Settings → API Server → Access → Server Port

Changing the Port

If port 7777 is already in use by another application, just pick a different one. Common alternatives are 8080, 3000, or any number between 1024 and 65535.

Update SillyTavern Too

If you change the port here, don't forget to update your SillyTavern endpoint to match:

http://127.0.0.1:YOUR_PORT/v1

Allow Local Network Access

By default, IntenseRP only accepts connections from your own computer (localhost / 127.0.0.1). Enable LAN availability to let other devices on your network connect.

Settings → API Server → Access → Allow Local Network Access

When to Use This

Running SillyTavern on a different machine (like a phone or tablet)
Sharing your IntenseRP instance with others on your home network
Using a remote desktop or VM setup

How It Works

Setting	Server Binds To	Who Can Connect
Off (default)	`127.0.0.1`	Only this computer
On	`0.0.0.0`	Any device on your network

Finding Your IP

To connect from another device, you'll need your computer's local IP address. On most networks this looks like 192.168.x.x or 10.x.x.x.

Show the Server Address in Logs

If Show the Server Address in Logs is enabled (see below), IntenseRP automatically logs all server addresses to the console when it starts - including your LAN IP. No need to run ipconfig or ip addr.

Windows Linux

Open Command Prompt and run:

ipconfig

Look for "IPv4 Address" under your active network adapter.

Open a terminal and run:

ip addr

Or:

hostname -I

Then use that IP in your client's endpoint:

http://192.168.1.100:7777/v1

Security Note

Enabling LAN access means anyone on your local network could potentially use your IntenseRP instance. Consider enabling API keys (below) if you're on a shared network.

Show the Server Address in Logs

When enabled, IntenseRP prints the server address(es) to the console each time the API server starts. This is on by default.

Settings → API Server → Access → Show the Server Address in Logs

With Allow Local Network Access off, you'll see:

Server running at http://127.0.0.1:7777

With Allow Local Network Access on, all detected local IPv4 addresses are printed as well:

Server running at http://127.0.0.1:7777
Server running at http://192.168.1.100:7777

Disable this if you'd rather not have the address logged on every start.

Dry Run Mode

Dry Run Mode starts the API server without opening a provider browser. It's for checking what your client is actually sending before IntenseRP tries to drive a provider page.

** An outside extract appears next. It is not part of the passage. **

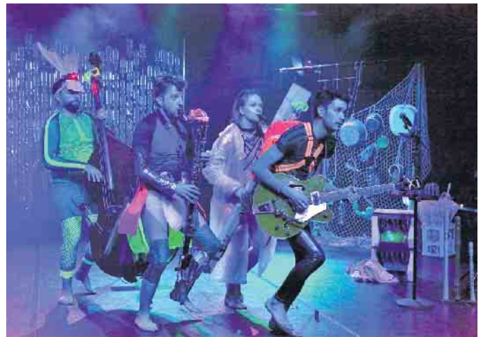
„Splash“, bei viel Musik dreht sich alles ums Wasser.

eine generationsübergreifende Tanz-Theater-Performance. Drei Leben. Drei Alter. Drei Körper. Ein 13-Jähriger, ein 31-Jähriger und ein 64-Jähriger teilen ihre Erfahrungen vom Leben. In ihren Geschichten und Gedanken verhandeln sie Vergangenheit, Gegen-

Settings → API Server → Dry Run → Dry Run Mode

When you start services with this enabled, IntenseRP opens the Dry Run Display right away. It waits for a request, then shows:

The raw request JSON exactly as the client sent it
The formatted generation text produced by IntenseRP's normal formatting pipeline

The request is not sent anywhere. Instead, the API returns HTTP 418 I'm a teapot with a message saying Dry Run captured the request and it's inspectable in the display window. New incoming requests replace the current capture, and the copy buttons let you grab either the raw JSON or the formatted text.

Launch-time setting

Dry Run Mode applies when services start. If a provider browser is already running, stop services first, then start again with Dry Run Mode enabled.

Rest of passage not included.